D’après une séance de l’administration municipale de la commune d’Arras, les 23 vendémiaires, an VI (le 23 septembre 1798) : « Les administrateurs municipaux de la commune d’Arras à leurs concitoyens ».

Robespierre est le défenseur des pauvres par ses prises de positions de 1789 à 1794.
Il est regardé comme l’un des fers de lance de la liberté et de l’égalité par la loi.
Sa chute le 9 Thermidor entraîne avec lui ses plus fidèles amis, et les Montagnards qui ont participé à son élimination sont progressivement mis de côté, dès la fin 1794.

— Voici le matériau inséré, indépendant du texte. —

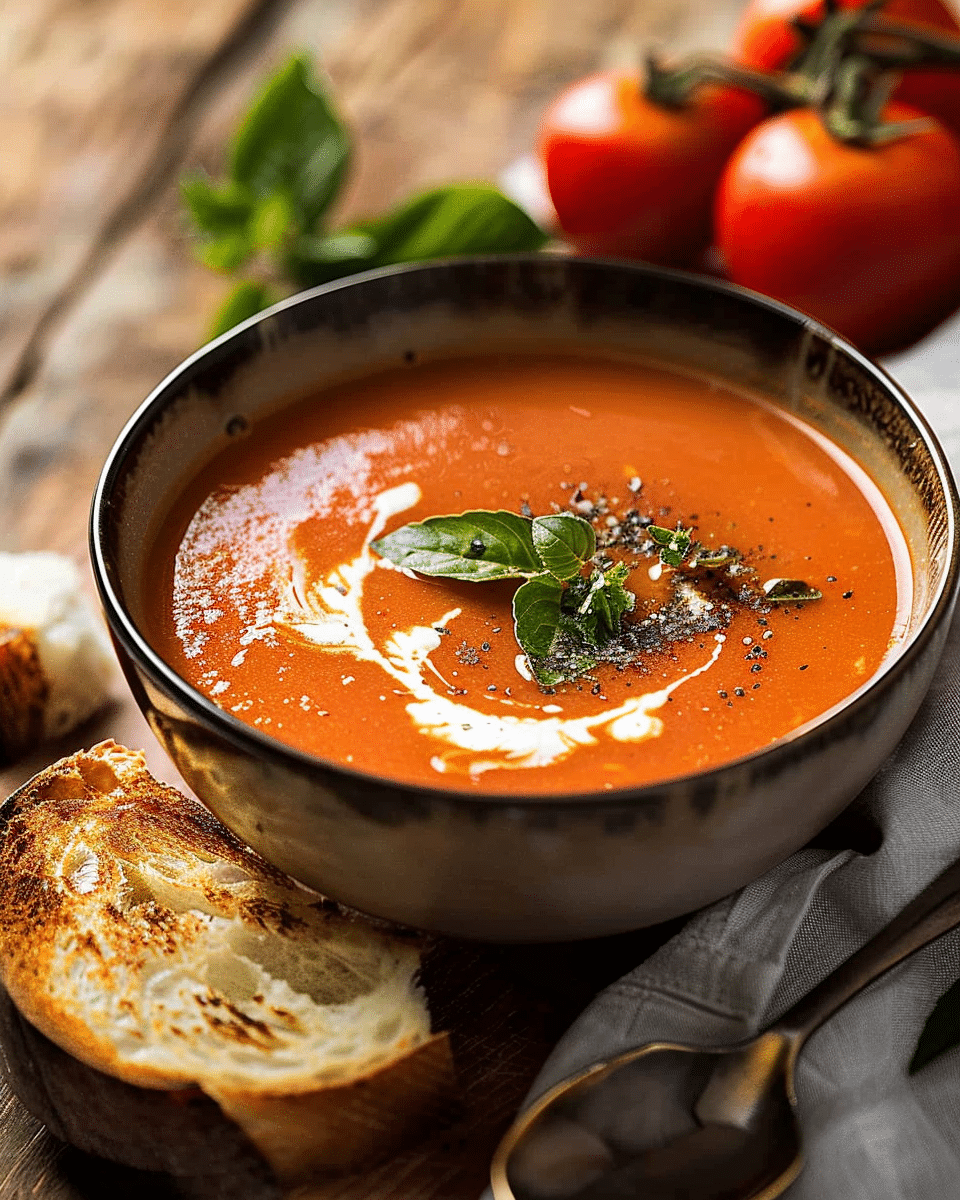 Smoky Roasted Tomato Soup is a rich and comforting dish made by roasting ripe tomatoes, garlic, and onions, then blending them into a velvety soup with a smoky kick from paprika. It’s cozy, flavorful, and perfect with crusty bread or a grilled cheese sandwich.

Une lettre de Babeuf aux Patriotes d’Arras le 18 Fructidor an III (5 septembre 1795) nous montre l’inquiétude et l’état d’esprit des patriotes qui restent démocrates face à la réaction : « Chaque Roi aura un costume tel qu’il n’en fut jamais, des gardes à sa suite, un palais national.... Ô sainte Égalité de 1793, où sont tes vestiges !… »  [1]

L’élimination des éléments progressistes de la Révolution donne naissance à une République Conservatrice (1794-1799) ou l’égalité n’a plus sa place.
La République conservatrice peut se définir comme n’étant ni monarchiste ni terroriste c’est-à-dire une République du juste milieu. Si bien que celle-ci réprime l’une et l’autre.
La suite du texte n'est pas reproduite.